Unfortunately, the digital marketplace in Russia has also experienced a number of negative trends in this same area. Among these are:

  1. The state's forced digitalization policy, which does not take into account the readiness of a given regional infrastructure and the level of people’s computer literacy.
  2. Commercial use of individuals' personal data without their consent and without development and implementation of effective mechanisms for protecting citizens' personal data.
  3. The use of digital technology primarily for imposing digital control on the population and its activities.
  4. Mixing legal, ideological, informational, and educational mechanisms in the framework of communication in the system "government – society."
  5. Reducing the quality standards of law-making procedures and substitution of legislative regulation by power administrative decisions (in terms of the regulation of the use of digital technology and the people’s rights and responsibilities in connection with such use).
  6. Reducing the quality standards of official and journalistic information (its completeness, accuracy, reliability, pluralism, analyticity, and diversity), replicated on the Internet and in traditional media.

In fact, there are many more trends, negative and positive. However, it should be noted that those named are not trends of digital transformation in their pure form. Rather, this is an incomplete list of processes characteristic of the Russian experience in digital transformation of social and political relations, as well as some signs of the occurrence of such processes. Some of these processes, either comprehensively or singly, can become trends of the public relations’ digital transformation. That is why it is so important to identify the problems of digitalization, the accompanying negative processes, and the reasons for the population's critical attitude to the ongoing reforms. This hard-won knowledge will help to prevent the eventual rise of the digital transformation negative trends.

In our opinion, there are several alarming trends that characterize the public attitude to digital transformation. More precisely, the current perception of digital changes by non-specialists has a number of negative characteristics, and we would prefer to prevent the latter from becoming established as trends in the digital transformation of social and political relations in Russia. These disturbing characteristics include the following:

  • A wary or negative attitude toward digital innovations on the part of a significant portion o fa given population;
  • Formalization and bureaucratization of digital transformation on the ground, when imitations of digitalization and informatization are carried out rather than implementation of required fundamental changes.

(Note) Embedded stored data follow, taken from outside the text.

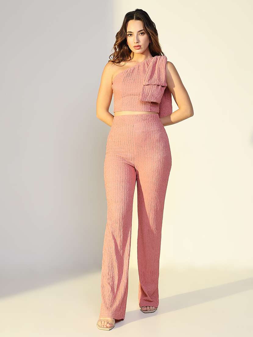 women solid top and trouser co-ord set
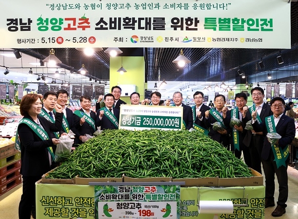 경남농협은 경남도, 진주시, 밀양시와 함께 15일부터 28일까지 2주간 전국 농협하나로마트를 대상으로 경남 청양고추 소비확대를 위한 특별할인전을 진행한다고 밝혔다. 행사 첫날인 15일에는 남창원농협 농수산물종합유통센터에서 개장식이 열려 본격적인 소비촉진의 시작을 알렸다.
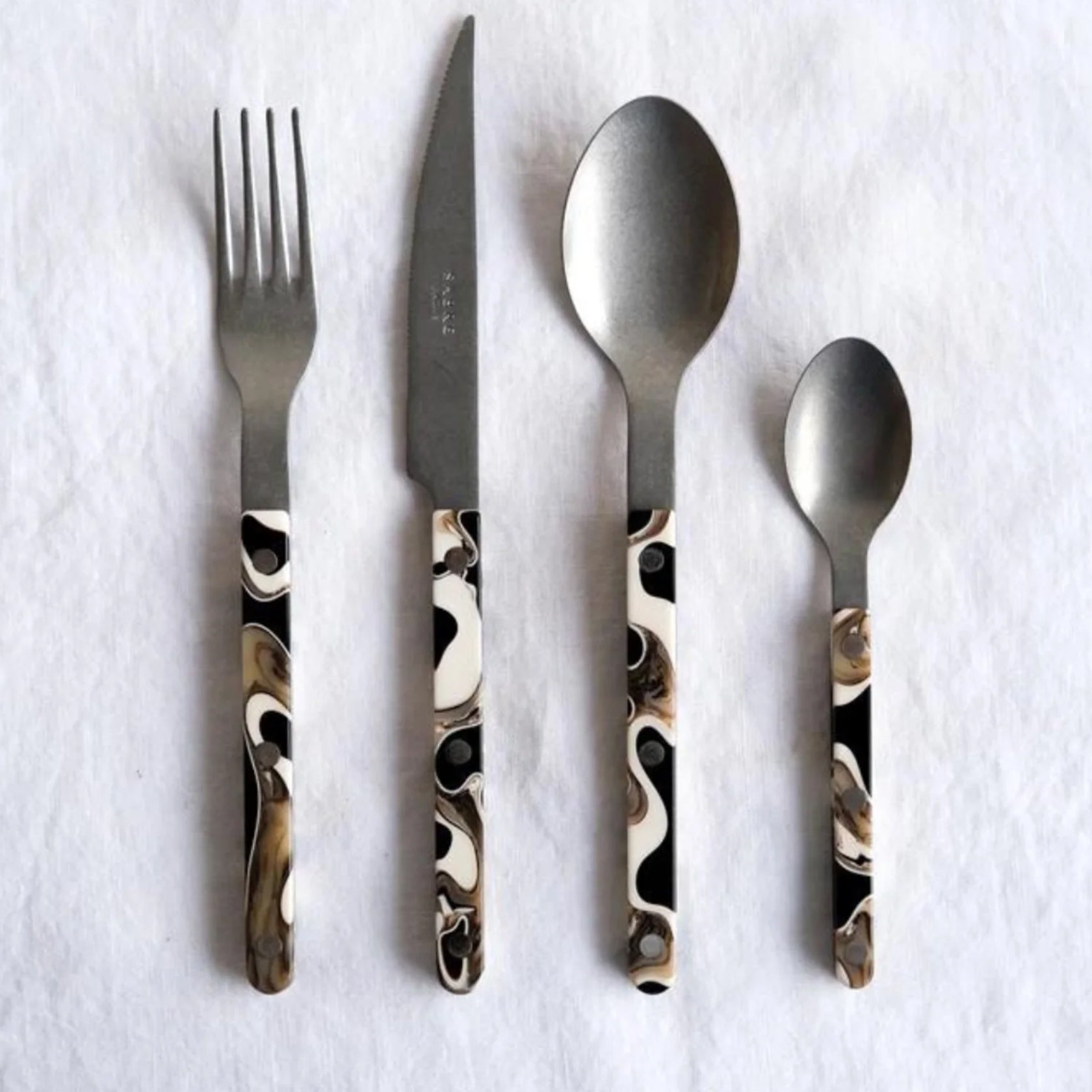 With the Bistrot collection, Sabre were inspired by some of their favourite places: restaurants, terraces and cafés. When designing this cutlery they wanted to faithfully capture the atmosphere while adding a modern touch: the styling is simple, the rivets are visible, while the colours and materials stand out nicely. From red to blue, not forgetting the superb materials with horn or tortoise effects. Available with gloss or vintage finishes, Sabre are sure you’ll enjoy this collection, which is designed to be both traditional and contemporary at the same time. .

These two characteristics are inextricably linked. Russia's political and bureaucratic tradition gives rise to a notable trend: “digitalization for digitalization's sake”. This trend is expressed in attempts to automate, digitize, computerize, and informatize as many spheres as possible and as quickly as possible, regardless of the expediency, readiness of public consciousness, and even availability of infrastructure. The accelerated introduction of technologies into different spheres of society, despite infrastructural, technical, and personnel unpreparedness, generates formalization and bureaucratization of activities under the guise of technological renewal [4, p. 111]. According to the experts, over time electronic voting and elections, along with digital signatures will develop and become a mass practice. So far, however, they cause disruption in the process and impose a social attitude of the type associated with the expectation of negative consequences [5, p. 16–19].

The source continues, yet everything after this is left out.